Humphries was nominated four times for a British Academy Television Award (BAFTA TV), all in the Best Light Entertainment Performance category:
- 1981: An Audience with Dame Edna Everage
- 1987: The Dame Edna Experience
- 1988: One More Audience with Dame Edna
- 1990: The Dame Edna Experience

He received national honours in Australia and the United Kingdom:
- 1982: Officer of the Order of Australia (AO) for "services to the theatre" (Queen's Birthday Honours, Australian List)
- 1982: Granted a coat of arms by the College of Arms with a shield bearing crossed gladioli and the Sydney Opera House, supported by a shark and a possum both wearing butterfly glasses, along with other symbolism containing a funnel-web spider and a blowfly.

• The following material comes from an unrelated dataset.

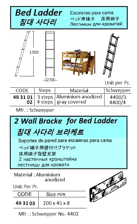 | Description | BAD LADDER WITH 3 STEP, ALUMINIUM ANODIZED |

His motto is "I share and I care".
- 2001: Centenary Medal for service to Australian society through acting and writing
- 2007: Commander of the Order of the British Empire (CBE) for "services to entertainment" (Queen's Birthday Honours, UK List)
- 2023: Posthumously appointed as a Companion of the Order of Australia in the 2023 King's Birthday Honours for "eminent service to the arts as a comedian, actor, author, satirist and entertainer, to the promotion of Australian culture, and as a patron of organisations".